**Given records**
══════════════════════════════
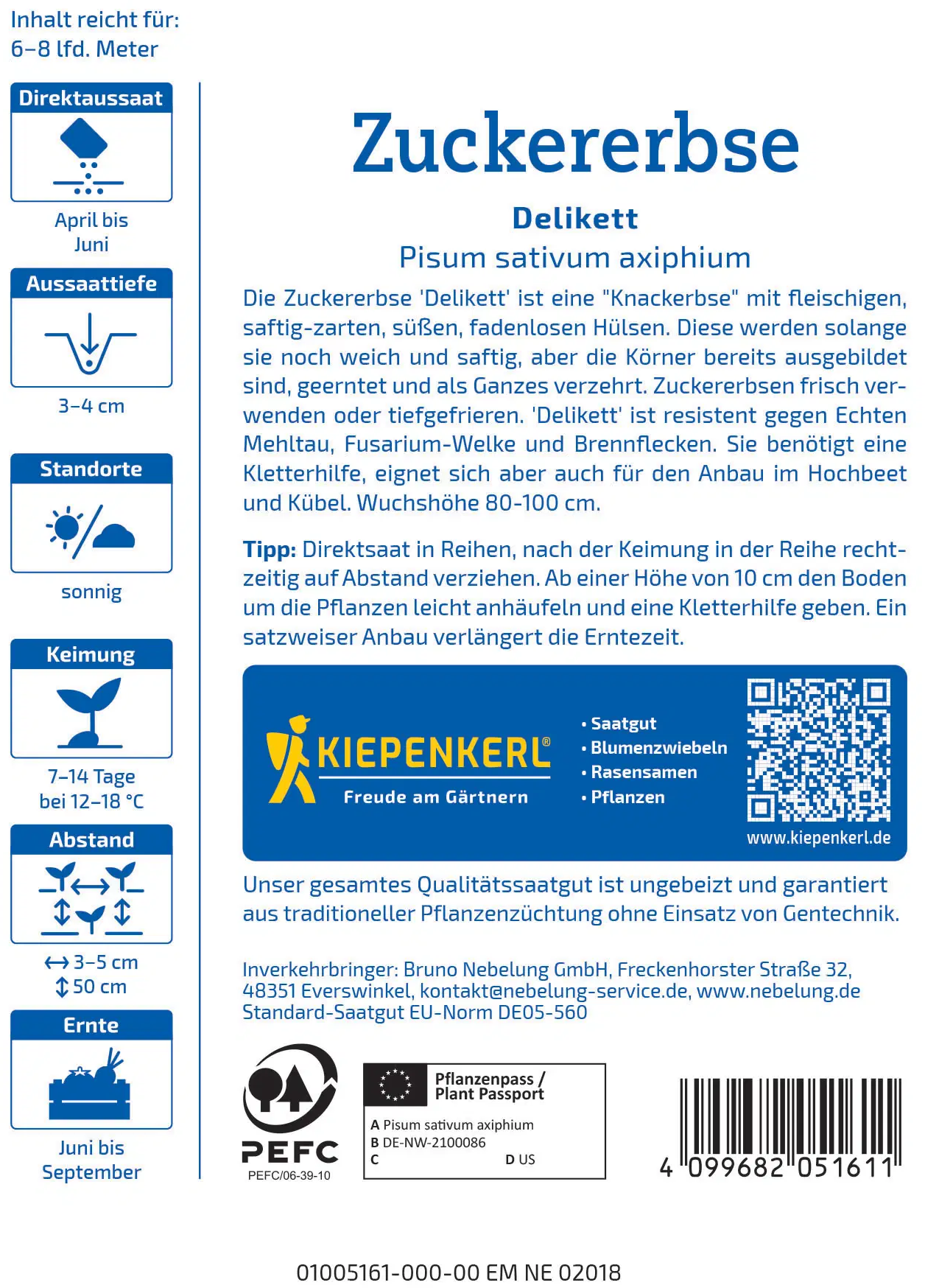 Il pisello mangiatutto della varietà "Delikett" conquista con baccelli teneri, succosi e dolci, da gustare freschi direttamente dalla pianta. Basta seminare, fornire un sostegno e osservare la crescita di piselli deliziosi e decorativi.
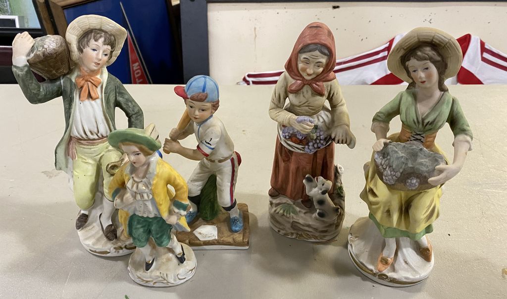 Four Bisque Porcelain Figurines, hand painted, 9"h. Location Front Shelves Top Row Four Bisque Porcelain Figurines, hand painted, 9"h. Location Front Shelves Top Row
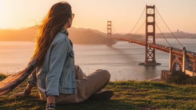 Landscape shot traveler duduk santai di bukit San Francisco menghadap Golden Gate Bridge saat matahari terbenam. Pose “Relaxed Sitting Pose” bersila, tangan menopang ke belakang. Outfit bohemian: Jaket denim, kaos putih, celana longgar earthy tone, gelang etnik, syal tipis. Rambut terurai tertiup angin. Nuansa golden hour oranye keemasan, suasana tenang, komposisi landscape luas dan fotorealistik.
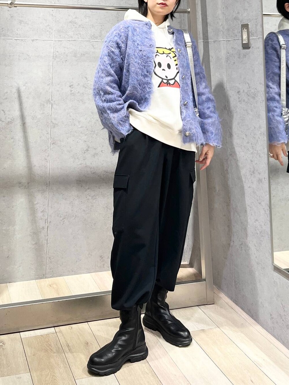 ▽▽▽▽▽▽▽▽▽▽▽▽▽▽▽▽▽▽▽▽▽ OSAMU GOODS×LEPSIM 第2弾🎉 パーカーとカーディガンを合わせてみました! パーカーのイラスト、ドットで描かれていて どこか懐かしさを感じます😀 ゆったりとしたオーバーサイズですが、 裏毛なのでモコモコしませんでした。 カーディガンは、中にオーバーサイズの パーカーやスウェットを重ねても 余裕で着れちゃうくらいゆとりがあります。 アウター感覚で着られる方も多いですよ! チクチク感はなく、 むしろフワフワで気持ち良いです🙆 サイドポケットパンツを、ブーツにインして 少しメンズライクな雰囲気で着てみました。 落ち感があるトロッとした生地感はレディな感じ。 生地は厚すぎず薄すぎずで、 1年通して着られる厚みです! ▽▽▽▽▽▽▽▽▽▽▽▽▽▽▽▽▽▽▽▽▽ いつもご覧頂きありがとうございます🙌 フォローしてくださると とーーっても嬉しいです🥹✨ WEAR⇨@エムアイ
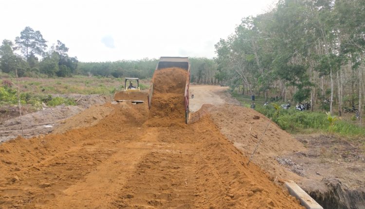 Komandan Kodim 0431/Babar, Letkol Inf Agung Wahyu Perkasa, S.Sos mengatakan satgas TMMD masih fokus pada penimbunan dan pembentukan badan jalan di rawa lengkup berair.
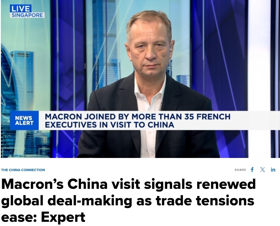 近日,法國總統(tǒng)馬克龍的訪華之行引發(fā)國際社會廣泛關(guān)注。美國消費者新聞與商業(yè)頻道(CNBC)采訪專家指出,這一中法重要外交活動標(biāo)志著全球貿(mào)易緊張局勢的緩和,意味著一度受阻的全球貿(mào)易談判重回正軌,為國際經(jīng)貿(mào)合作注入新的活力。
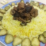 Подавать с отварным рисом. Выкладывать на блюдо сначала рис, а сверху выкладывать мясо.
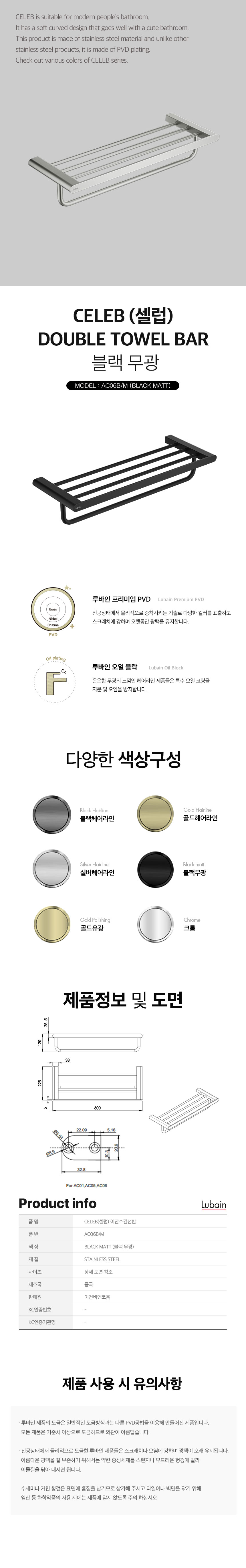 [루바인] 욕실 2단 수건선반 셀럽 AC06B/M 블랙 무광
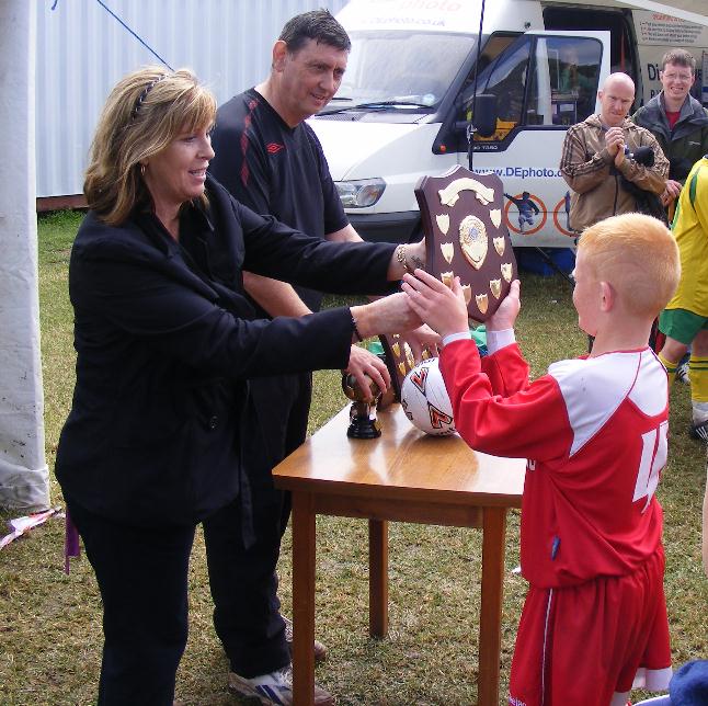 An emotional moment as Cliff Bach's mother Jennifer presents the memorial shield to Jamie
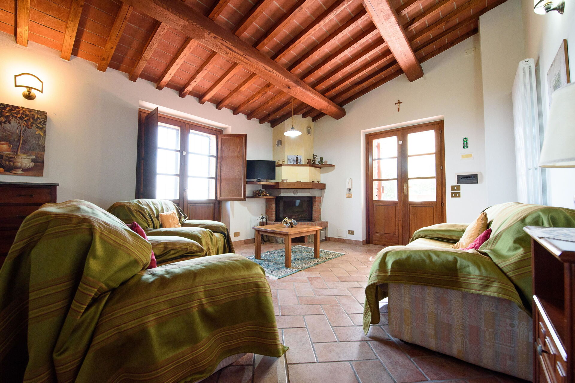La plupart des gens aiment visiter les villes et les villages à proximité pendant les vacances, donc pour votre référence vous trouvez ici est une liste des lieux populaires avec les distances (à vol d’oiseau) en voiture depuis la propriété:Cortone 20 km, Montepulciano 39 km, Pérouse 43 km, Gubbio 57 km et Assise 61 km.
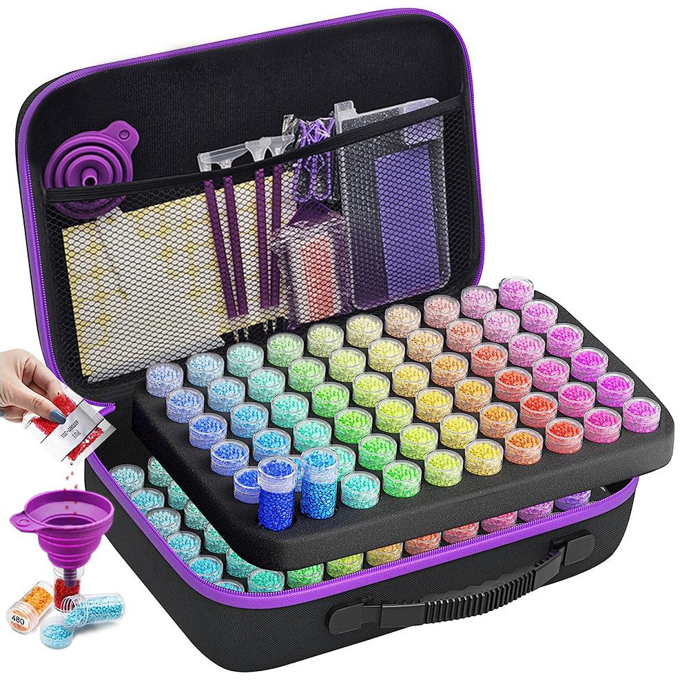 DIY Diamantmalerei Werkzeug Aufbewahrungstasche mit 30, 60 und 120 Fächern, unterverpackt in 10g Diamantflaschen, Handtasche
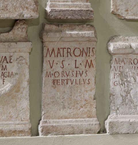 - Matronis / v(otum) s(olvit) l(ibens) m(erito) / M(arcus) Orusius / Tertullus
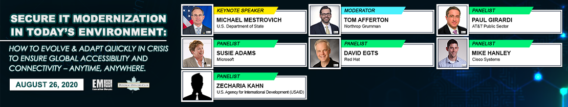 On Wednesday, Potomac Officers Club (POC) hosted its latest virtual event, Secure IT Modernization in Today’s Environment, featuring a keynote address from Michael Mestrovich, principal deputy chief information officer (CIO) for the U.S. Department of State, and a full expert panel to discuss how federal agencies can adapt and evolve quickly in a crisis such as the COVID-19 pandemic and ensure global accessibility and connectivity of our information technology capabilities are available.
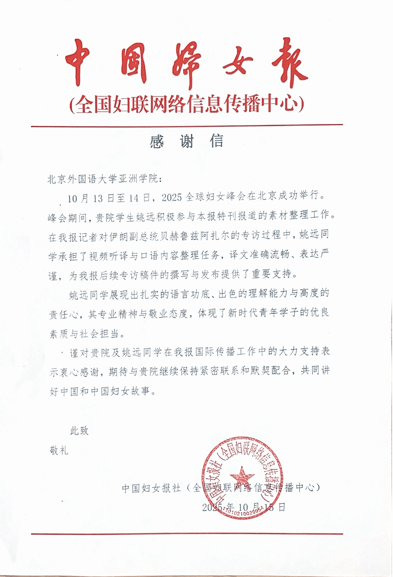 波斯语教研室选派2025级亚洲地区研究专业研究生姚远同学参与了《中国妇女报》特刊报道的素材整理工作。在记者对伊朗副总统贝赫鲁兹阿扎尔的专访过程中,姚远同学承担了视频听译与口语内容整理任务,译文准确流畅、表达严谨,为后续专访稿件的撰写与发布提供了重要支持。姚远同学展现出扎实的语言功底、出色的理解能力与高度的责任心,其专业精神与敬业态度,体现了新时代北外青年学子的优良素质与社会担当。
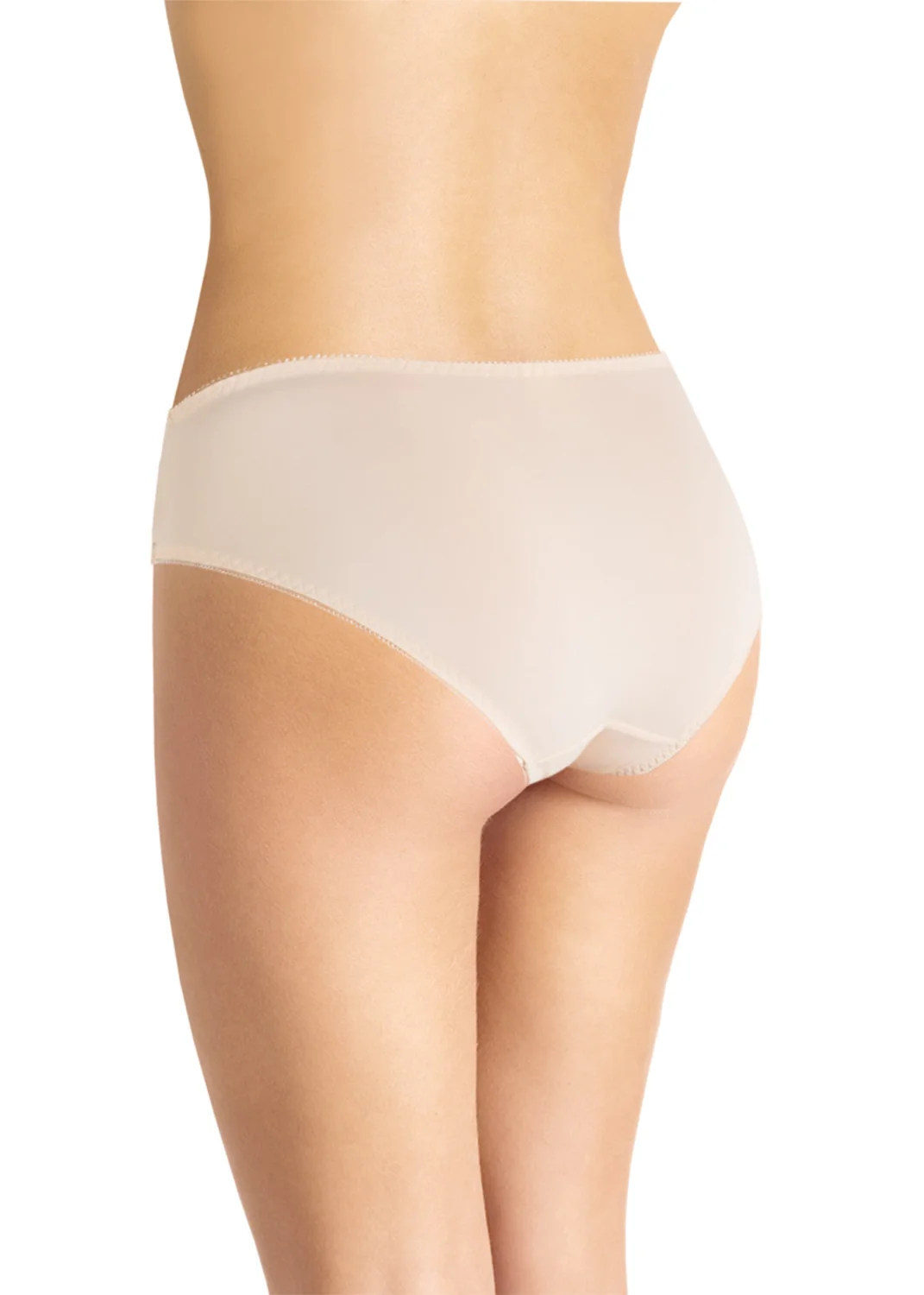 Классическая модель из однотонного трикотажа. Деталь переда симметрично декорирована кружевом По ножкам спереди и по талии - резинка с фестоном. На детали переда по центру - небольшой атласный бант. св.бежевый
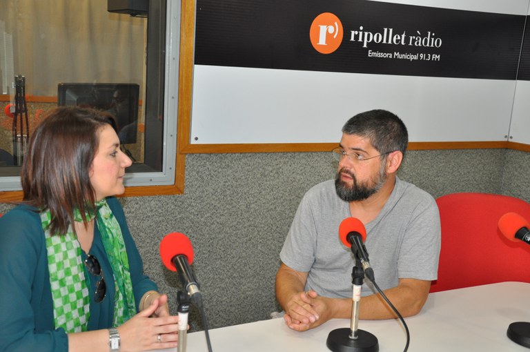 Fotos: Joan Mimó, i Elena Vilalta i Jordi Giménez als estudis de Ripollet Ràdio.
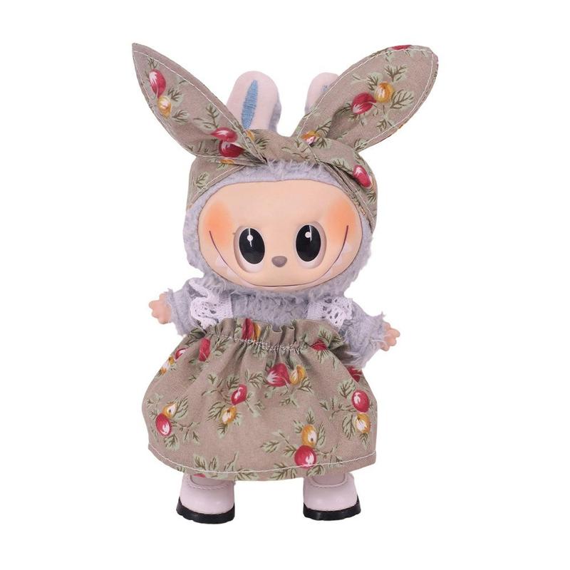 Conjunto de vestido e bandolete para festa no jardim para o mini boneco Labubu de 17cm - Roupa de festa cortada à medida, tecido macio, design fácil de vestir
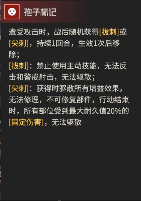 被施加孢子标记的角色,遭受攻击时,还会随机获得尖刺或者拔刺异常状态,其中无法使用主动技能和无法修理都是比较难受的异常状态。
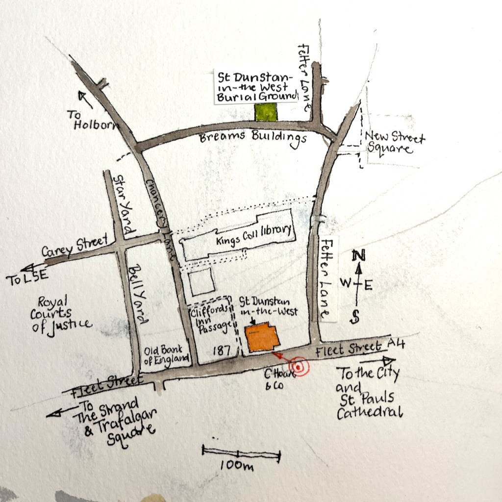 I sketched the church standing on the other side of Fleet Street, near the office of C Hoare and Co, bankers. The church was closed when I visited, but I shall certainly go back and have a look inside during its opening hours.
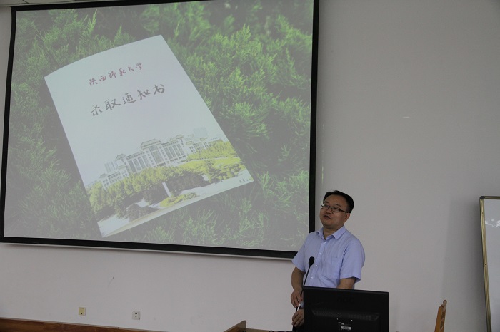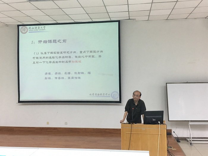 副院长肖新军关于《开放共享理念下学院安全教育工作实践与思考》中强调了实验室规范操作的重要性,告诫同学们绝对不能存有侥幸和冒失心理进行实验操作。
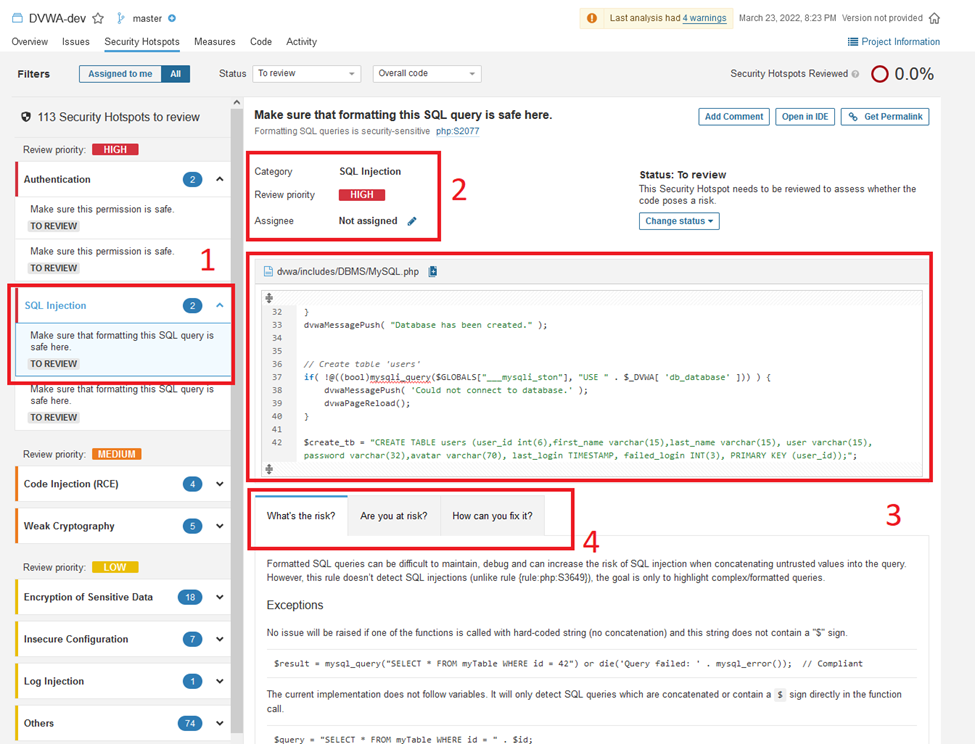 4. Cliquez l’onglet Security Hotspots pour savoir comment corriger l’application.
══════════════════════════════
**Task**
Omit all pictures while transcribing the entries verbatim.

**Exercise response**
 Il pisello mangiatutto della varietà "Delikett" conquista con baccelli teneri, succosi e dolci, da gustare freschi direttamente dalla pianta. Basta seminare, fornire un sostegno e osservare la crescita di piselli deliziosi e decorativi.
 Four Bisque Porcelain Figurines, hand painted, 9"h. Location Front Shelves Top Row Four Bisque Porcelain Figurines, hand painted, 9"h. Location Front Shelves Top Row
 Landscape shot traveler duduk santai di bukit San Francisco menghadap Golden Gate Bridge saat matahari terbenam. Pose “Relaxed Sitting Pose” bersila, tangan menopang ke belakang. Outfit bohemian: Jaket denim, kaos putih, celana longgar earthy tone, gelang etnik, syal tipis. Rambut terurai tertiup angin. Nuansa golden hour oranye keemasan, suasana tenang, komposisi landscape luas dan fotorealistik.
 ▽▽▽▽▽▽▽▽▽▽▽▽▽▽▽▽▽▽▽▽▽ OSAMU GOODS×LEPSIM 第2弾🎉 パーカーとカーディガンを合わせてみました! パーカーのイラスト、ドットで描かれていて どこか懐かしさを感じます😀 ゆったりとしたオーバーサイズですが、 裏毛なのでモコモコしませんでした。 カーディガンは、中にオーバーサイズの パーカーやスウェットを重ねても 余裕で着れちゃうくらいゆとりがあります。 アウター感覚で着られる方も多いですよ! チクチク感はなく、 むしろフワフワで気持ち良いです🙆 サイドポケットパンツを、ブーツにインして 少しメンズライクな雰囲気で着てみました。 落ち感があるトロッとした生地感はレディな感じ。 生地は厚すぎず薄すぎずで、 1年通して着られる厚みです! ▽▽▽▽▽▽▽▽▽▽▽▽▽▽▽▽▽▽▽▽▽ いつもご覧頂きありがとうございます🙌 フォローしてくださると とーーっても嬉しいです🥹✨ WEAR⇨@エムアイ
 Komandan Kodim 0431/Babar, Letkol Inf Agung Wahyu Perkasa, S.Sos mengatakan satgas TMMD masih fokus pada penimbunan dan pembentukan badan jalan di rawa lengkup berair.
 近日,法國總統(tǒng)馬克龍的訪華之行引發(fā)國際社會廣泛關(guān)注。美國消費者新聞與商業(yè)頻道(CNBC)采訪專家指出,這一中法重要外交活動標(biāo)志著全球貿(mào)易緊張局勢的緩和,意味著一度受阻的全球貿(mào)易談判重回正軌,為國際經(jīng)貿(mào)合作注入新的活力。
 Подавать с отварным рисом. Выкладывать на блюдо сначала рис, а сверху выкладывать мясо.
 [루바인] 욕실 2단 수건선반 셀럽 AC06B/M 블랙 무광
 An emotional moment as Cliff Bach's mother Jennifer presents the memorial shield to Jamie
La plupart des gens aiment visiter les villes et les villages à proximité pendant les vacances, donc pour votre référence vous trouvez ici est une liste des lieux populaires avec les distances (à vol d’oiseau) en voiture depuis la propriété:Cortone 20 km, Montepulciano 39 km, Pérouse 43 km, Gubbio 57 km et Assise 61 km.
 DIY Diamantmalerei Werkzeug Aufbewahrungstasche mit 30, 60 und 120 Fächern, unterverpackt in 10g Diamantflaschen, Handtasche
 - Matronis / v(otum) s(olvit) l(ibens) m(erito) / M(arcus) Orusius / Tertullus
 On Wednesday, Potomac Officers Club (POC) hosted its latest virtual event, Secure IT Modernization in Today’s Environment, featuring a keynote address from Michael Mestrovich, principal deputy chief information officer (CIO) for the U.S. Department of State, and a full expert panel to discuss how federal agencies can adapt and evolve quickly in a crisis such as the COVID-19 pandemic and ensure global accessibility and connectivity of our information technology capabilities are available.
 波斯语教研室选派2025级亚洲地区研究专业研究生姚远同学参与了《中国妇女报》特刊报道的素材整理工作。在记者对伊朗副总统贝赫鲁兹阿扎尔的专访过程中,姚远同学承担了视频听译与口语内容整理任务,译文准确流畅、表达严谨,为后续专访稿件的撰写与发布提供了重要支持。姚远同学展现出扎实的语言功底、出色的理解能力与高度的责任心,其专业精神与敬业态度,体现了新时代北外青年学子的优良素质与社会担当。
 Классическая модель из однотонного трикотажа. Деталь переда симметрично декорирована кружевом По ножкам спереди и по талии - резинка с фестоном. На детали переда по центру - небольшой атласный бант. св.бежевый
 Fotos: Joan Mimó, i Elena Vilalta i Jordi Giménez als estudis de Ripollet Ràdio.
 Conjunto de vestido e bandolete para festa no jardim para o mini boneco Labubu de 17cm - Roupa de festa cortada à medida, tecido macio, design fácil de vestir
 被施加孢子标记的角色,遭受攻击时,还会随机获得尖刺或者拔刺异常状态,其中无法使用主动技能和无法修理都是比较难受的异常状态。
 I sketched the church standing on the other side of Fleet Street, near the office of C Hoare and Co, bankers. The church was closed when I visited, but I shall certainly go back and have a look inside during its opening hours.
 副院长肖新军关于《开放共享理念下学院安全教育工作实践与思考》中强调了实验室规范操作的重要性,告诫同学们绝对不能存有侥幸和冒失心理进行实验操作。
 4. Cliquez l’onglet Security Hotspots pour savoir comment corriger l’application.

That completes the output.